Examine both sides of the door carefully. On one side, the glass door panel will be held in by caulk and wood beads (trim). You will be able to see nail holes in the trim around the glass, and there will be clear joints between the trim and the rest of the door. On the other side, the trim is actually part of the door. You will only be working on the side that is removable, which is where you see the nails and/or caulk.

Cut away the caulk surrounding the glass and wood bead using your utility knife. Work carefully so you do not damage the trim.

Pry the wood beads away from all four sides of the glass using a hammer and chisel. Remove the nails from these wood trim pieces and set them aside for reuse.

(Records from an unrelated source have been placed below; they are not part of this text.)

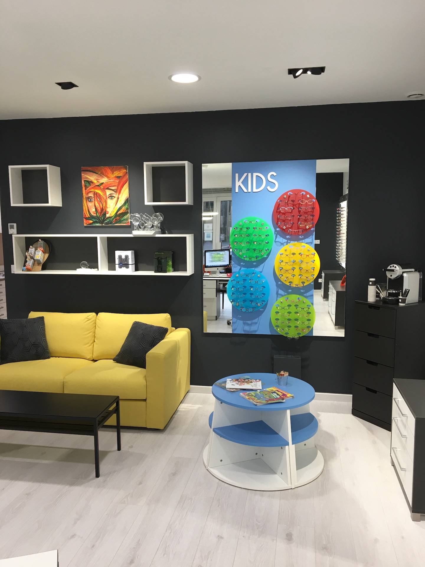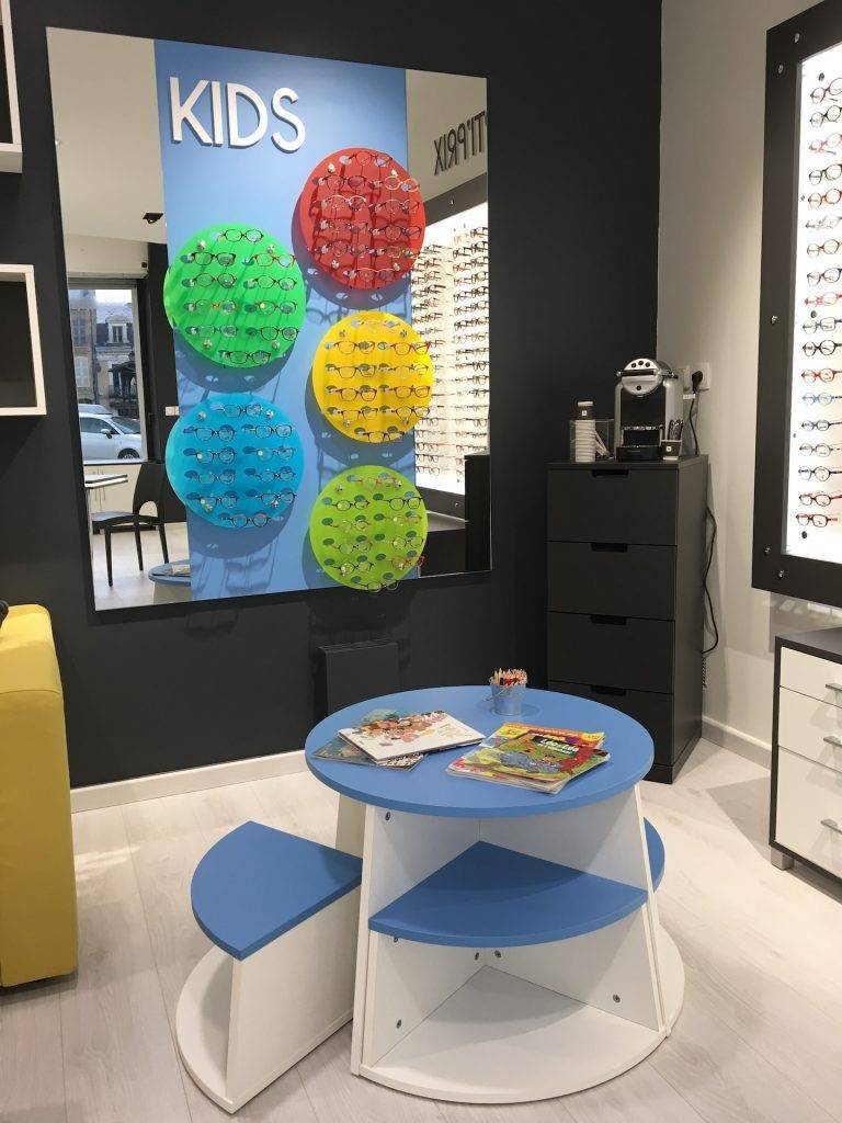 • Les cadres rétroéclairés valorisent les montures tout en les segmentant par type et les meubles bas optimisent le stock à disposition. Des présentoirs colorés et ludiques animent l’espace enfant.
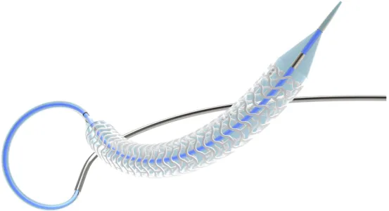 Absorb BVS 支架是由可扩张的球囊、PLLA 支架(支架厚度≈150µm)和 D,L 乳酸涂层(≈7µm)构成。该涂层拥有类似于金属药物洗脱支架的洗脱系统,可以释放依维莫司。支架的两端有金属铂标记,可以使支架在影像学中显示。
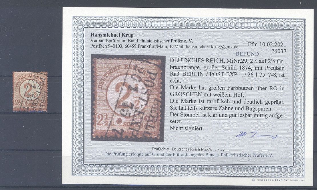 Deutsches Reich Michel Nummer 29, 2 1/2 Gr. Freimarke 1874 mit spannenderm, schon fast spektatulärer Besonderheit gestempelt. Es liegt ein Befund BPP vor, hat bereits einiges gekostet, ist mit eingescannt.
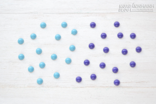 - Đặt các hạt cườm lên giấy báo hoặc giấy nháp, mang ra ngoài không gian rộng để sơn màu rồi phơi khô. Bạn nên chọn những màu sơn nổi bật so với màu nền của chiếc ví. Ở đây, chúng ta chọn hai màu xanh nhạt và xanh đậm để tạo thành hiệu ứng ombre hiện đại, khác lạ.
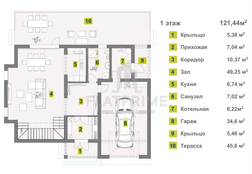 Вашій увазі пропонується просторий будинок з власною терасою 45 м2.
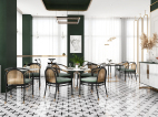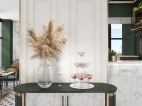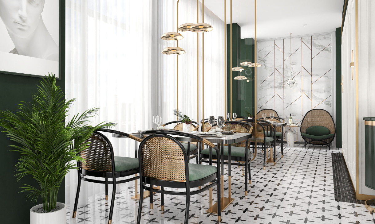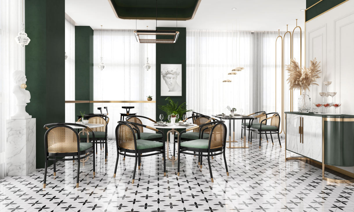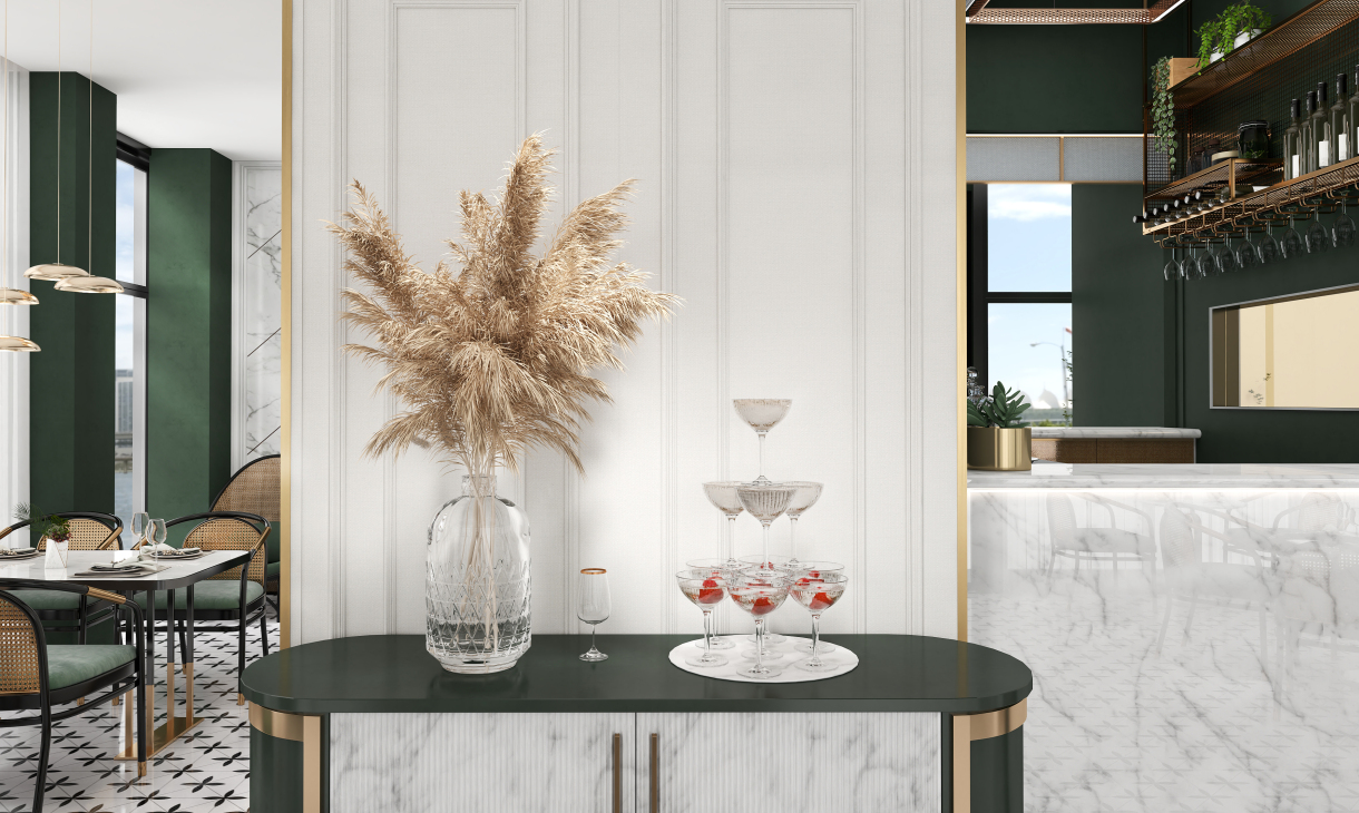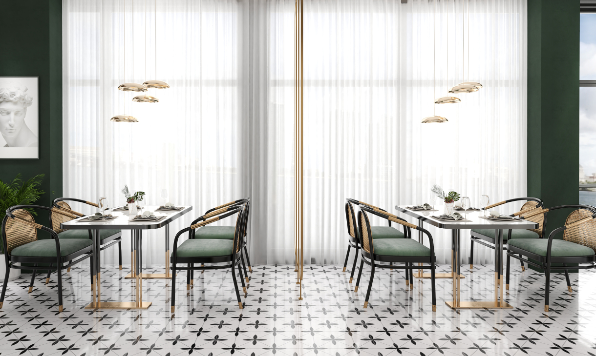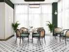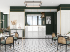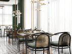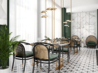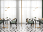 井然有序的造型护墙围绕吧台展开,几何画面地砖大面积序列铺展,深色马赛克修边,和软装陈设一起形成“有形”、“充实”、“秩序”的空间状态,随着视觉从仰视转为直视,整个空间形态就此转变。吊顶往上延伸的方洞,装饰灯具穿插其中,轻纱围绕四周,表现出“无形”、“虚”的存在,虚实结合,一起形成微妙的状态。让空间层次更为丰富
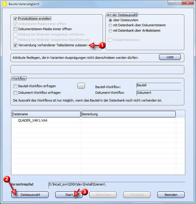 Beim Bauteildatenabgleich von Bauteil-Varianten (VAA-Dateien) mit der HELiOS-Datenbank können auch bereits vorhandene Artikelstämme verwendet werden.

Remove the existing glass panel from the door. It is best to wear gloves, and always use caution when handling glass. Wrap the glass in newspaper and tape it tightly shut before disposing of it.

Purchase a new piece of glass that is the same thickness as your old glass. You will need glass that is 1/8-inch smaller than the opening, both vertically and horizontally. For added safety, choose laminate or tempered glass. These materials will break into many small pieces if damaged, unlike regular glass, which can break into dangerous shards. You can purchase this material at a home improvement or hardware store. Masonite also offers specialty designer glass panels on its website.

Set the new panel into the opening. Use a clear silicone to caulk the glass into place.

Replace the wood trim and nail it into place using small finish nails. Remember that you are not trying to secure the trim to the glass. Instead, angle the nails so they penetrate the wood around the glass.